Thanks for the info...My kickstand looks normal to me, so hard to say. It is good to know that it did not come with trusses. I think they look cool, but I want to keep it as is. I am hoping to tear it down tonight and start cleaning it up. I messed with it a little last night....any surface rust on the chrome appears to come right off. The heart skip tooth is really nice and bright. I think the toughest part will be rebuilding the rear hub, but I have done a few, so hopefully no surprises.


----------



## vintage2wheel (Jan 17, 2012)

Terry66 said:


> Thought I would post a pic of my new Schwinn DX. Not sure on the year. The bike has a "B" serial number. It has forward facing drops and an integrated kickstand. I thought that put it at around a 46/47, but someone mentioned on another board that the S-2 rims weren't used until 48. So either my "B" serial number is a '48 "pre-fire" or someone replaced the wheels along the way. The wheels do have Carlisle, Pa Lightnings on them. The bike is in really nice shape. A few dings in the paint, the paint is fading, but there is very little rust. Under the fenders are even clean. I think it is missing the truss rods unless they were sold without them. Based on the paint condition, I don't think the bike came with a tank or rack. The only thing wrong that I can tell is that the rear rim needs trued a little and the rear hub isn't as smooth as it should be. I mean it is ridable...just not super smooth....but I can fix that! Also I am pretty sure it should have black oval script grips.




24 inch???


----------



## Terry66 (Jan 17, 2012)

No, it is a 26in. The tires are 26X2.125 Lightning Darts. I do think the bike looks compact though in the picture.


----------



## Terry66 (Jan 17, 2012)

Started tearing down the Schwinn tonight. I was really surprised how clean the bike is. Pulled the crank. The crank arms had a little surface rust but it cleaned right off. The bearings were in great shape. Sprocket is super clean. That part is done. I am hoping to get the frame detailed tomorrow. The only thing that concerns me is the rear hub. It feels like there is something bad going on in there!  I didn't have time to get into it tonight, so I'll save that "surprise" for this weekend.


----------



## Freqman1 (Jan 18, 2012)

Just curious-was the crank dated? v/r Shawn


----------



## Terry66 (Jan 18, 2012)

No date code that I could see. Just says AS & Co on both sides. I heard some cranks had dates so I was looking to try and pinpoint the year. When were dated cranks used?


----------



## ridingtoy (Jan 18, 2012)

Terry66 said:


> No, it is a 26in. The tires are 26X2.125 Lightning Darts. I do think the bike looks compact though in the picture.
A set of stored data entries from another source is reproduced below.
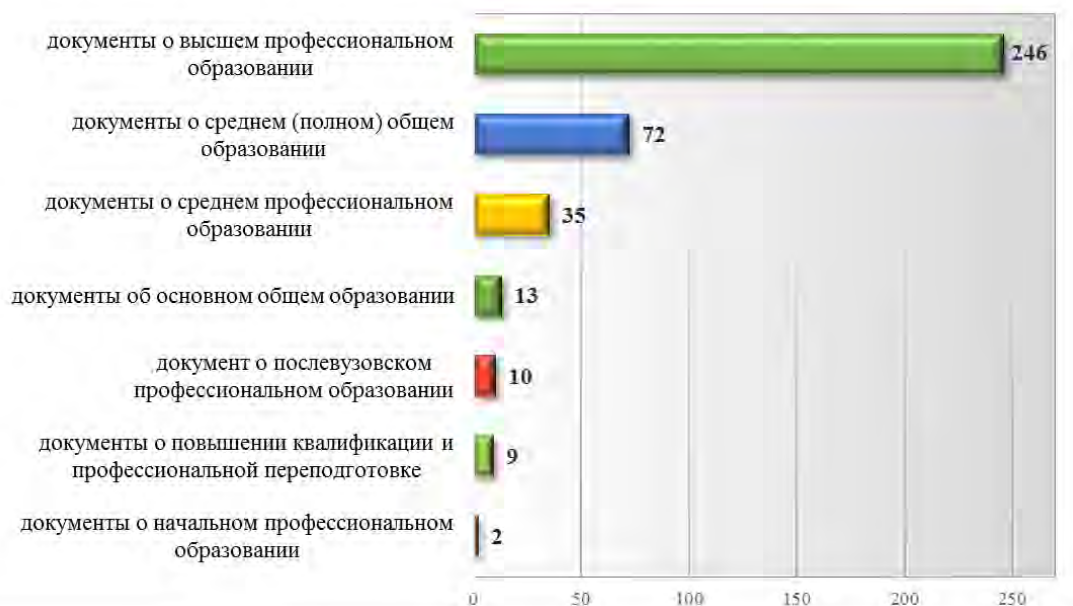
Рис. 7. Структура документов об образовании и (или) о квалификации, по которым было принято решение о подтверждении в 2017 году

образовании и (или) о квалификации, по которым было принято решение о подтверждении.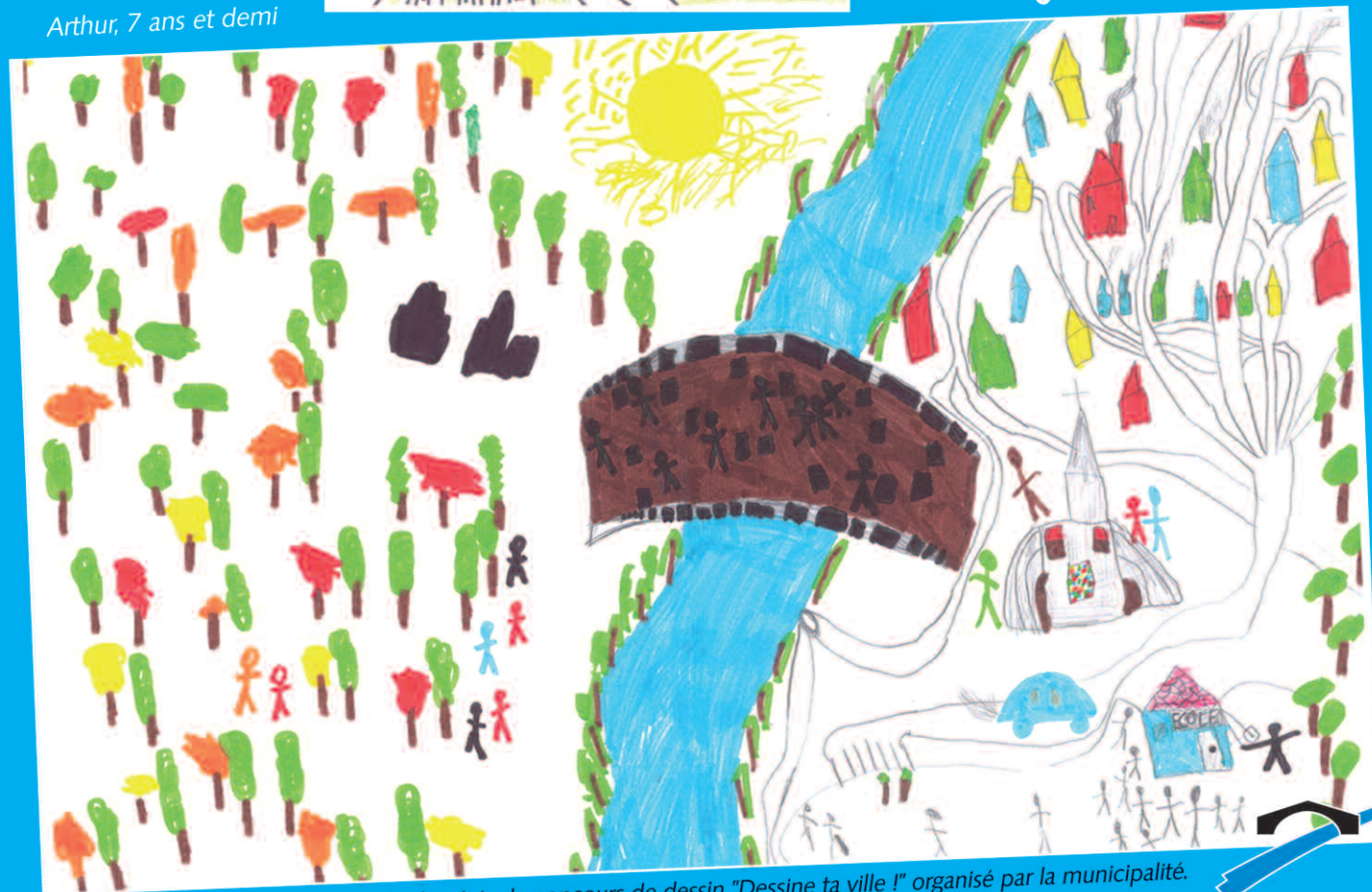
Les trois dessins des lauréats du concours de dessin "Dessine ta ville !" organisé par la municipalité.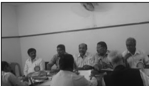
Discussion going on between members during CWC Meeting held at Salem (TN Circle)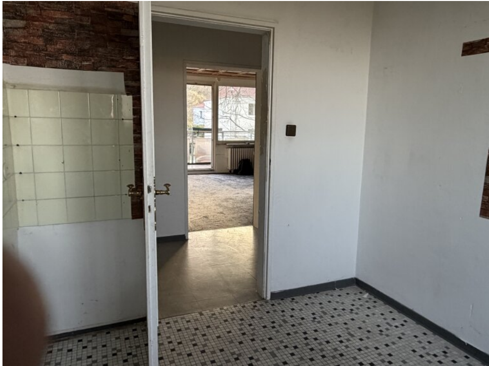
Blick von Küche in Wohnzimmer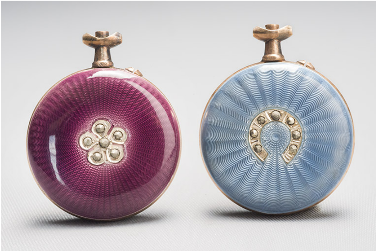
Boîtiers de montres Perronne.

Musée des Amis du Vieux Seloncourt, boîtiers de montres Perronne, s.d. [début 20e siècle].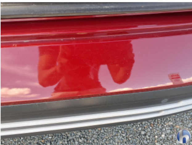
4. Stoßfänger Hinten Kratzer - Smart Repair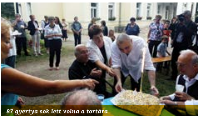
87 gyertya sok lett volna a tortára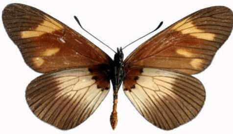
toruna mâle verso, Echuya fst (Ouganda).jpg toruna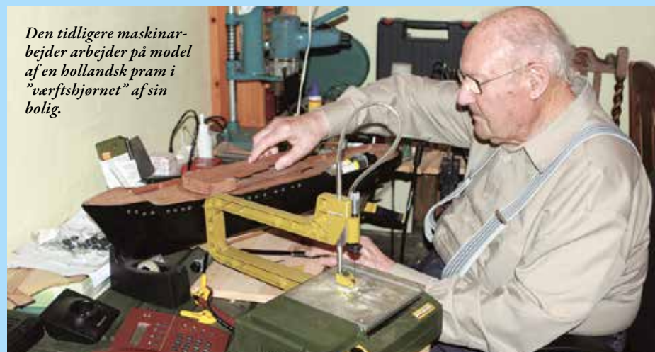
Den tidligere maskinarbejder arbejder på model af en hollandsk pram i ”værftshjørnet” af sin bolig.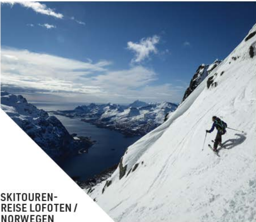
SKITOUREN- REISE LOFOTEN / NORWEGEN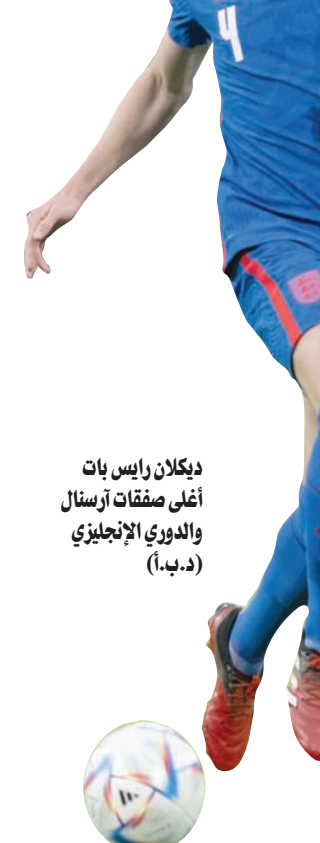
ديكلان رايس بات أعلى صفقات أرسنال والدوري الإنجليزي (دي.ب.أ)

وظهر ماونت في ملعب يونايتد مرتدياً القميص الأحمر رقم 7 الذي سبق وارتداه كل من الأسطورتين البرتغالي كريستيانو رونالدو والدولي السابق ديفيد بيكام. ووفق التقارير، فإن يونايتد دفع 55 مليون جنيه إسترليني (69 مليون دولار) مقابل ماونت، مع خمسة ملايين إضافية ستدفع إلى تشيلسي بوصفها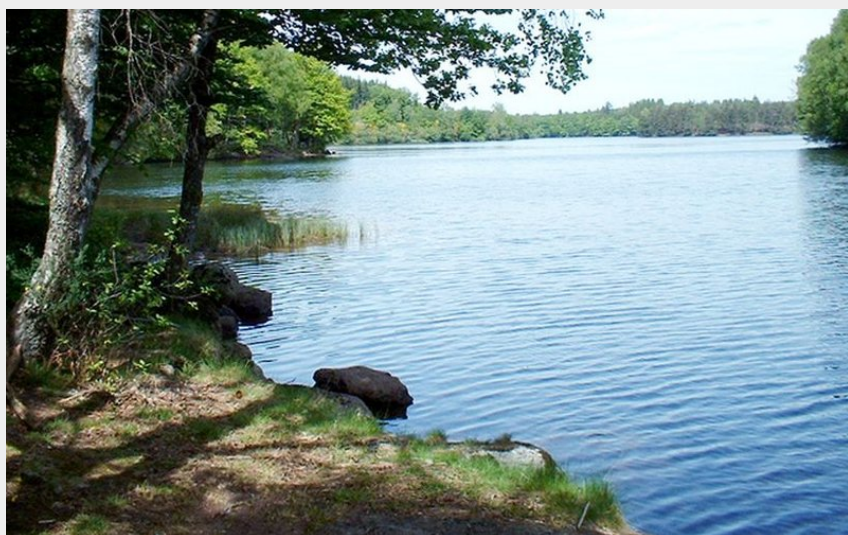
(Lac de Vassivière)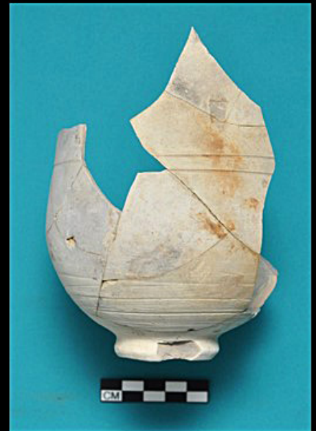
Figura 10. Distintas piezas de alcarrazas.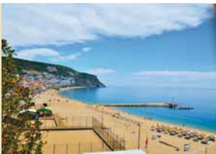
Plataforma TOUR4All | dia 15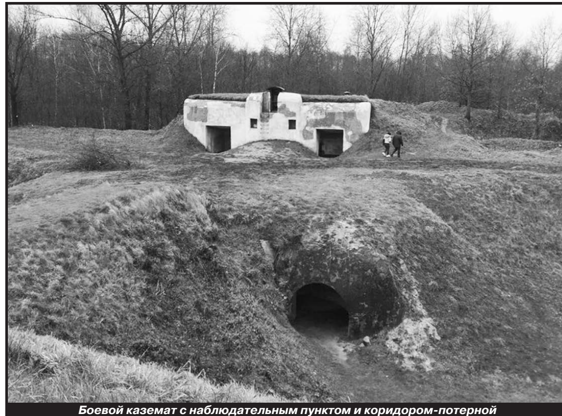
Боевой каземат с наблюдательным пунктом и коридором-потерней

Мемориальный комплекс «Брестская крепость-герой» можно уверенно назвать одним из самых динамично развивающихся музейных учреждений Белоруссии. За последние годы здесь создан (в том числе, за счёт финансовой поддержки Российской Федерации и спонсорских средств) целый ряд новых экспозиций, удачно раскрывающих различные стороны богатой истории Брестской крепо-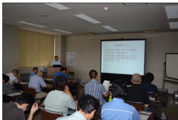
【初任者研修会の様子】

研修内容は、最近の事故事例を紹介しながら、危険物規制の概要や貯蔵取扱いの要点が主なものでした。参加者からは「事故事例をもっと知りたい。」「カリキュラムをもっと充実してもらいたい。」等のうれしい反響もあり、これらの要望を採り入れた内容とすべくアイデアを練るとともに、中堅クラスの従事者対象の研修会実施も検討しています。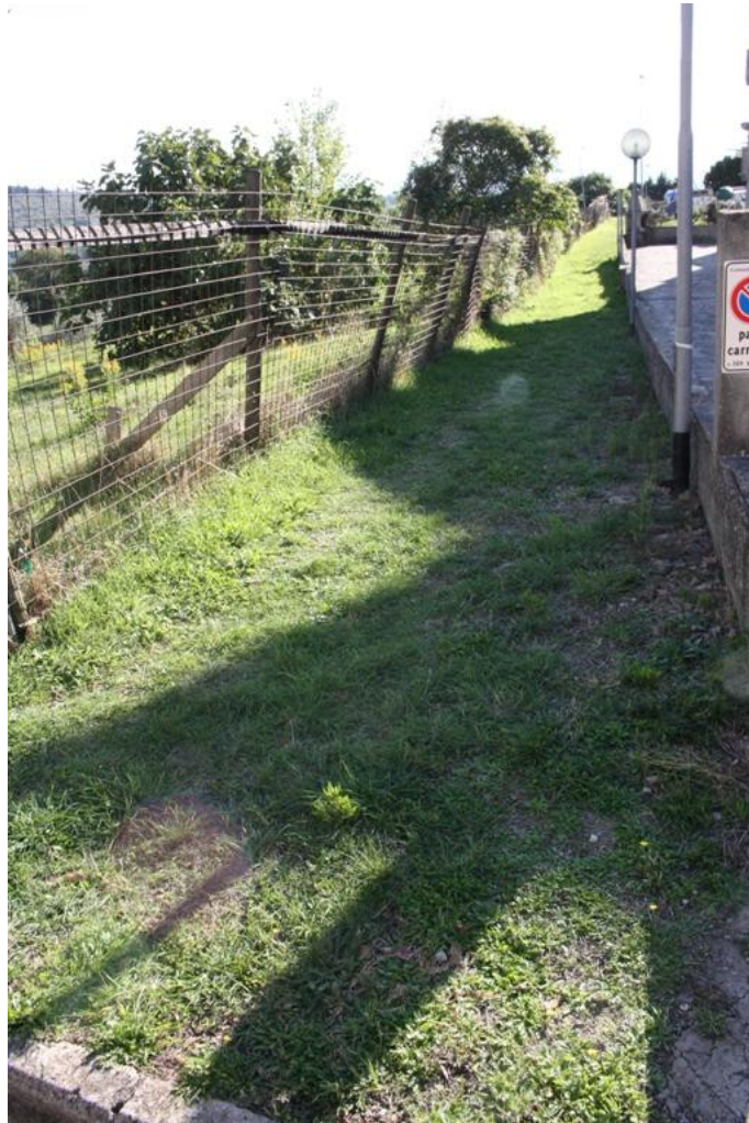
22 – Camminamento pedonale2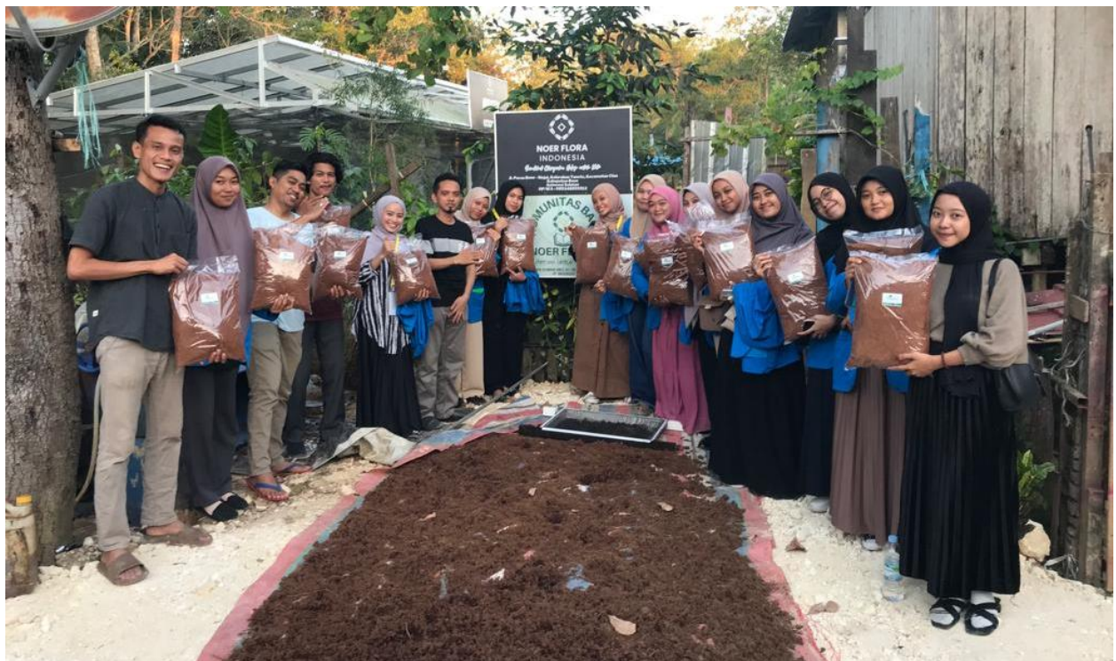
Gambar 6. Kegiatan Kunjungan ke Mitra WMK Unismuh Makassar 2023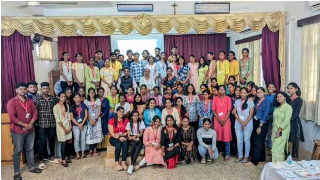
Saint Xevier's College, Mapasa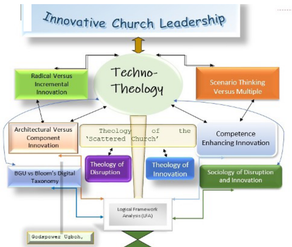
圖二:技术神学的概念框架 19

反思:或许现在是你绘制概念图或彩色图表的时候,来展现不同的概念框架和研究目标如何相互联系。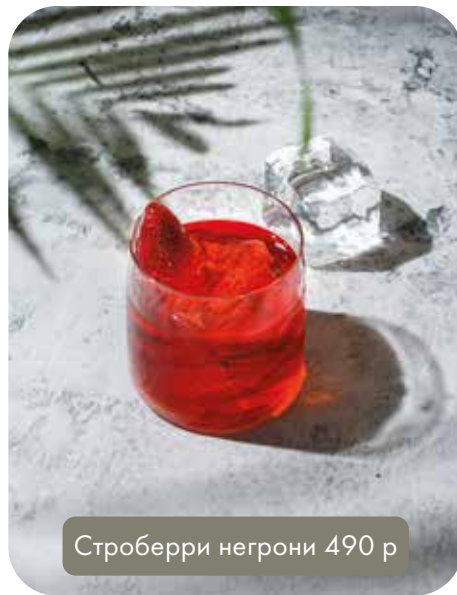
Стробиерри негрони 490 р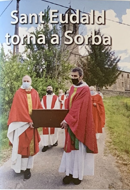
Sant Eudald torna a Sorba

Setmanari d'informació de Solsona i comarca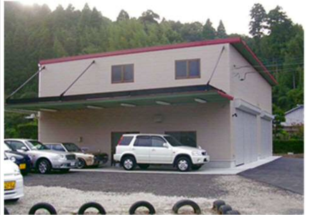
サンアイクカンパニー自動車修理工場新築工事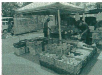
昨年は191件配達依頼が土曜市でした。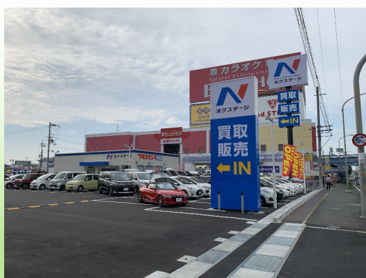
ネクステージ (藤井寺店)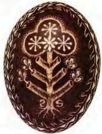
Baltai.lt šiandien https://www.facebook.com/story.php?story_fbid=3734014140002320&id=100064558275478&rdid=V9nRu7OjjsuK9EKu#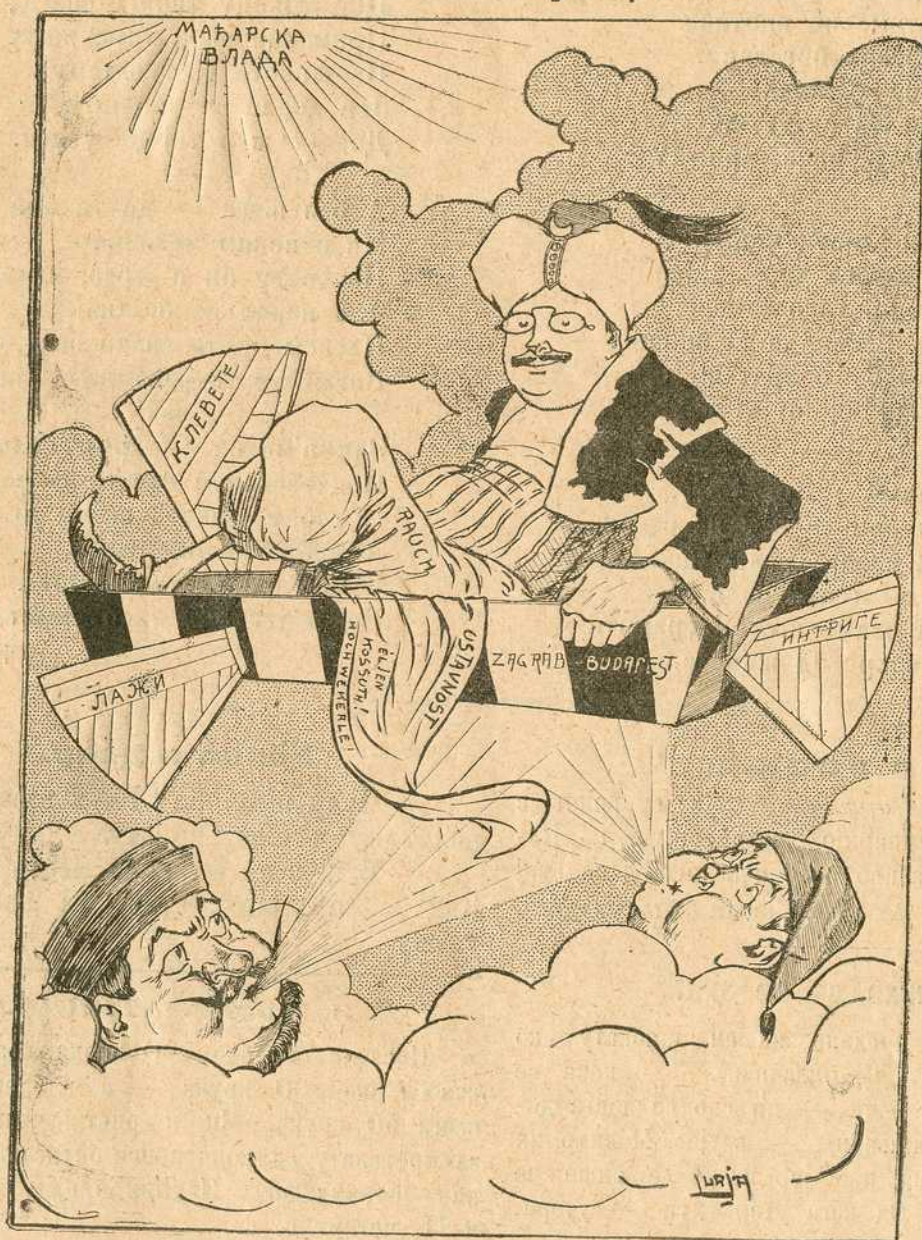
(20 недеља тумарања по ваздуху — у мртвачком сандуку — чувеног политичког мртваца, потурице Рауха).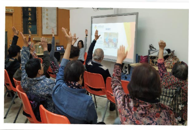
▲ 踴躍地做健腦操，訓練頭腦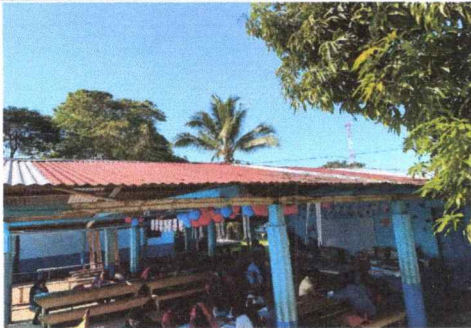
SE OBSERVA LA LAMINA EN MAL ESTADO DETERIORADA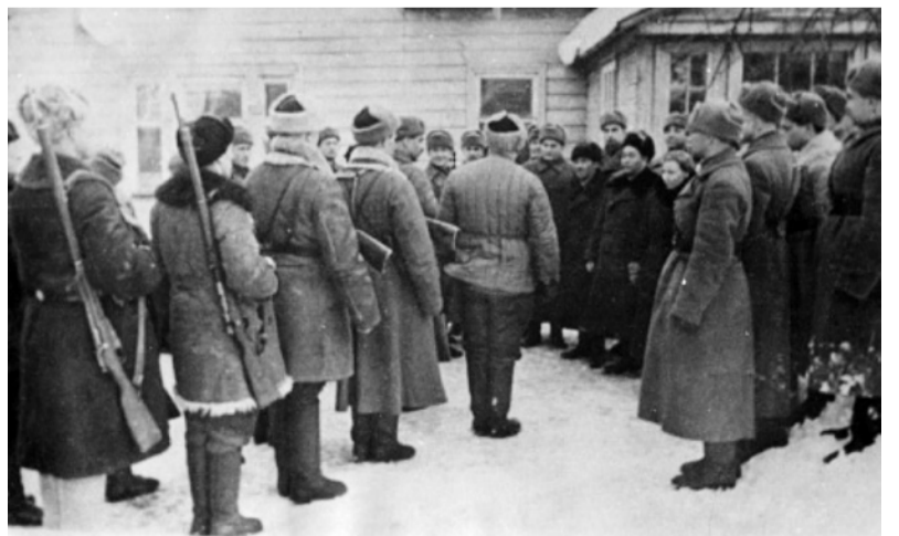
Встреча делегатов партизанского края в полуправлении Северо-Западного фронта в Валдае. 25 марта 1942 г.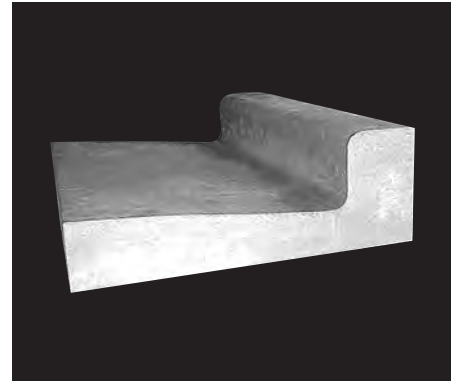
形状、寸法及び配筋 (単位：mm)

Looks like the mens version of my ~1940 Schwinn ladies model - http://www.flickr.com/photos/toys-prams/4783645381/in/photostream . Mine is also a basic model with no truss rods or headlight. Has the same trim designs on the tubes. It does have a smaller frame, at least on the ladies model it is. Noticably smaller than my 1950 ladies Hawthorne. With the seat height the same, I can sit on the Schwinn and have both feet easily flat on the floor. Sitting on the Hawthorne I'm more up on tip toes. Does make you think at first the Schwinn is a 24", but the wheels are 26".

Dave


----------



## Terry66 (Jan 18, 2012)

ridingtoy said:


> Looks like the mens version of my ~1940 Schwinn ladies model - http://www.flickr.com/photos/toys-prams/4783645381/in/photostream . Mine is also a basic model with no truss rods or headlight. Has the same trim designs on the tubes. It does have a smaller frame, at least on the ladies model it is. Noticably smaller than my 1950 ladies Hawthorne. With the seat height the same, I can sit on the Schwinn and have both feet easily flat on the floor. Sitting on the Hawthorne I'm more up on tip toes. Does make you think at first the Schwinn is a 24", but the wheels are 26".
> 
> Dave




Nice bike Dave! Go to love the vintage ballooners. I have a 47 Higgins, but this is my first Schwinn balloon.

I did a bit of research on the frame and the 24" mens frame has a steep angle on the downtube between the top bar and the middle curved bar. I also checked out tanks and the 24" tank has a forward slope compared to the 26" to compensate for the frame differences. 

Terry


----------



## Terry66 (Jan 21, 2012)

Hey guys....so I started cleaning the gunk off my DX crank. I thought it said AS & Co on both sides, but it appears the one side says 9620-A. I am hoping this will help identify the bike. The serial number is Bxxxxx. Date codes on the 48 post fires start with the high D numbers. I have been told by it is a 46, but I am still not sure.


----------